同郷の仲間と働けることや、客が従業員の飲み物を注文すると代金の一部が給与となる「ドリンクバック」などにより高給が得られることから、店は在日ベトナム人女性の間でも評判を呼んだ。
普通の飲食チェーンでアルバイトをしていたが、「給料が低い」とこの店で働き始めた従業員もいたという。
従業員は留学生が多いが、中には不法滞在の疑いがある者もいた。ズオン容疑者は、留学生は風俗営業店で働けないため無許可で営業を続けたという趣旨の供述もしているといい、警視庁は、店が不法就労を助長していた疑いもあるとみて調べている。
韓国、フィリピン、中国に続き…
「元は韓国のクラブ、次にフィリピンや中国の店が増えたが、近年はベトナムの店が進出するようになった」。
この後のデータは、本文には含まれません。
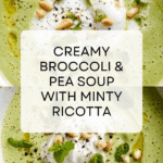 Keywords: broccoli soup, pea soup, minty ricotta, healthy soup, easy lunch, vegetarian recipe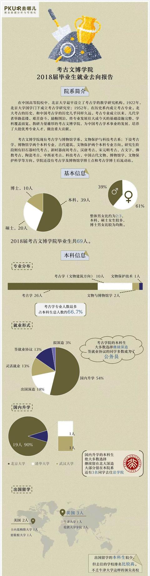 考古学专业人数最多,占到本科生总人数约2/3。本科生中近一半选择了国内升学,签署就业协议的同学多数成为了公务员。国内升学的本科生中,绝大多数选择继续留在北大深造。出国留学的本科生较少。

湯島の白梅商店会の中村充会長はこう話す。
街を歩くと、女性がアオザイ姿で店の前に立つベトナムバーが何軒か確認できる。「ここ数年で急に増えた」「通りを渡ると10軒くらいあるよ」。数を増やすベトナムバーの中でも、先駆けだったのがQueenだという。
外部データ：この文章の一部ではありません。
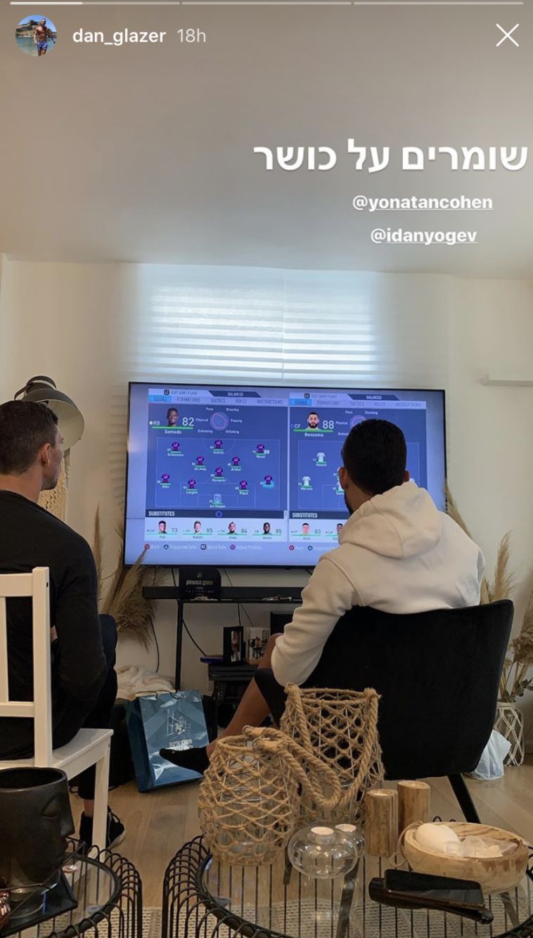 החברים הטובים ממכבי תל אביב, דן גלזר ויונתן כהן, ניצלו את יום החופש המפתיע "ושמרו על כושר" בטורניר פלייסטיישן סוער שהתקיים בדירתו של כהן בצפון תל אביב. מאוחר יותר, גלזר פגש את מספר 15 בצהוב כחול, דור מיכה, במגרש פאדבול וגם שם נהנו ממשחק המשלב בין כדורגל וטניס על מנת לשמור על הכושר וגם כמובן ליהנות.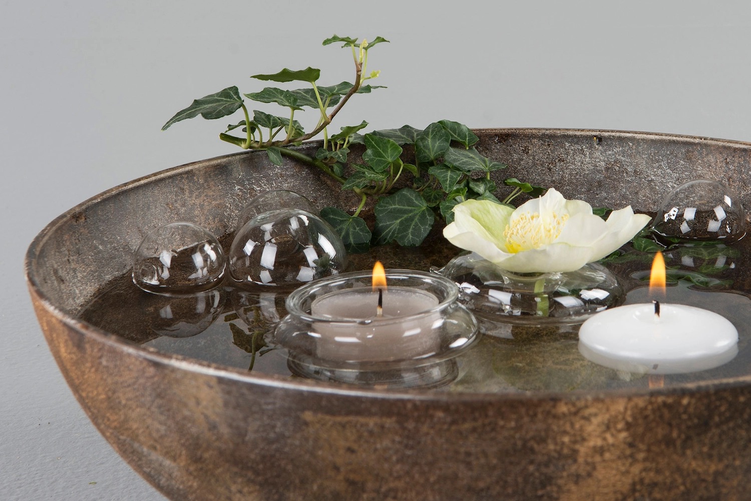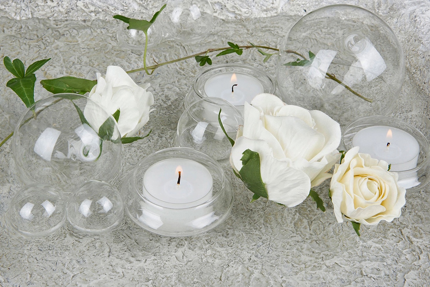 Runda flytkoppar av glas som passar med värmeljus. Fina att ha i en skål med vatten tillsammans med växter och flytljus. Innehåller 23 st flytkoppar.

現在は店の外に置かれた看板の電気が消え、「臨時休業」の張り紙も。近くで飲食店を営む40代の女性は店を指さして話す。「ベトナムバーはこの店が一番古い。ここから独立してどんどん増えていったんですよ」
「こんばんは。ベトナムバーです」「飲んでいって」。Queenの摘発後も、湯島の繁華街には、鮮やかなアオザイに身を包んだ別の店のベトナム人女性らが、道行く男性に声をかける光景は続いている。(橋本愛)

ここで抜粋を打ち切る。